Sometimes I think such simple solutions get lost in the complicated world of IT infrastructure. We have clustering, hot failover, live migration, and on and on and on. Problem is, we’ve all seen clustering and complicated redundancy architectures collapse under their own weight. Just last week (true story) I saw a Cisco IOS bug cause a router to run out of memory. Since this particular router had an active failover, it should have been no problem, right? Wrong. When the active router ran out of memory it lost its configuration (maybe that’s another bug – I don’t know and it doesn’t matter) and promptly forgot it had a failover partner. All routing was down for a a couple of minutes while the failover was manually engaged.
Was the investment in the spare router a good one? Obviously. But that fancy auto-failover option cost extra money, too, and it failed the owners exactly when they needed it. It literally had one job to do, so what good was it? Obviously the automatic failover works in many cases, but we manually failed over and the sun came up the next day.
Customers ask me about RAC for E-Business Suite all the time. ”We can’t have any downtime!” they pant. Really? What about all that application patching? Database upgrades? R12 upgrade? And what do you think will happen to all the concurrent manager and user sessions attached to a failed RAC instance?
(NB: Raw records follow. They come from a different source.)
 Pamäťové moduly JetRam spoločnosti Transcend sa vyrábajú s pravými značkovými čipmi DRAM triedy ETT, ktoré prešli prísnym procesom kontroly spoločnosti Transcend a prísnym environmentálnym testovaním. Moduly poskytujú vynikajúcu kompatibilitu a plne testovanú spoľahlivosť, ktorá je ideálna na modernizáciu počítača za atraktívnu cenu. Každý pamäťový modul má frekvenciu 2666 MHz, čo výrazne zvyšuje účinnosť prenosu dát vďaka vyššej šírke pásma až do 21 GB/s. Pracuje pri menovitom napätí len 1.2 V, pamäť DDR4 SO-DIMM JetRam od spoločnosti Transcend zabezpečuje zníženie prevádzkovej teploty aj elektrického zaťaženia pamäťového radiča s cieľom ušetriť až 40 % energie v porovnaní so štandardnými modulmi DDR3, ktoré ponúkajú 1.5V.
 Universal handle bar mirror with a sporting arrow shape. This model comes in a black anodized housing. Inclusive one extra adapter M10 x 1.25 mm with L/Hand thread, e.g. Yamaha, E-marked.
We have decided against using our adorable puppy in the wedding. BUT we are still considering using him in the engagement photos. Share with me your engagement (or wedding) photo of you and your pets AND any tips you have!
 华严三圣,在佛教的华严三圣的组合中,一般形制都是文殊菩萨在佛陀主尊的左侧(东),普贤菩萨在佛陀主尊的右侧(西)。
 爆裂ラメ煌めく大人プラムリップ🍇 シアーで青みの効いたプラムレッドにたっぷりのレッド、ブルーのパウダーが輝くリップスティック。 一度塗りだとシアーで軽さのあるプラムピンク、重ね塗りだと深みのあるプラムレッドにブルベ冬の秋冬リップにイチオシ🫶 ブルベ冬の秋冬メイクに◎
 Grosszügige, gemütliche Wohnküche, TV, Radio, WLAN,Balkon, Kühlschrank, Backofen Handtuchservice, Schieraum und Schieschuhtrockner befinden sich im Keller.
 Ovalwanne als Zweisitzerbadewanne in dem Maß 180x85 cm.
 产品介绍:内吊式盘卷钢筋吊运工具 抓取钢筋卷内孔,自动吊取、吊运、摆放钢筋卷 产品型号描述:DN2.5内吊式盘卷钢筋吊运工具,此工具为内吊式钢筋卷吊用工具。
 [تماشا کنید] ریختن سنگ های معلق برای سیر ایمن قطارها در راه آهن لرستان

Do they somehow maintain state from the failed node and re-attach, mid-query to the running node? (no) I think RAC is a fantastic technology when properly planned for and managed, but it’s complicated. Clustering software is still software, after all, and can make a decision to fail over when a human would not. Regardless, the storage, no matter how internally redundant, is still a single point of failure for RAC; corrupt the storage and you’re in recovery mode no matter how much money was spent.
Rather than spending madly in circles to prevent all possible downtime, why not concede a few minutes of failover and simply set up a standby? Data Guard is far less complicated than RAC, it’s rock-solid, and if a RAC node goes down some sessions will have to be restated anyway – a little bit of downtime is unavoidable. Instead of buying expensive, internally redundant application nodes, why not buy a whole pile of inexpensive white-box Linux servers and run parallel concurrent managers and load-balanced web and forms?
The cost of software, hardware, and labor to make sure nothing ever goes down has no ceiling. We have multi-pathed database nodes running RAC instances on top of RAID 10 storage with redundant heads and controllers in cabinets with redundant power and still the database will unexpectedly go down from time-to-time. In no way am I suggesting we throw up our hands and take no precautions (e.g. disk should always be mirrored), but sometimes the simplest solution is still the best, not to mention less expensive.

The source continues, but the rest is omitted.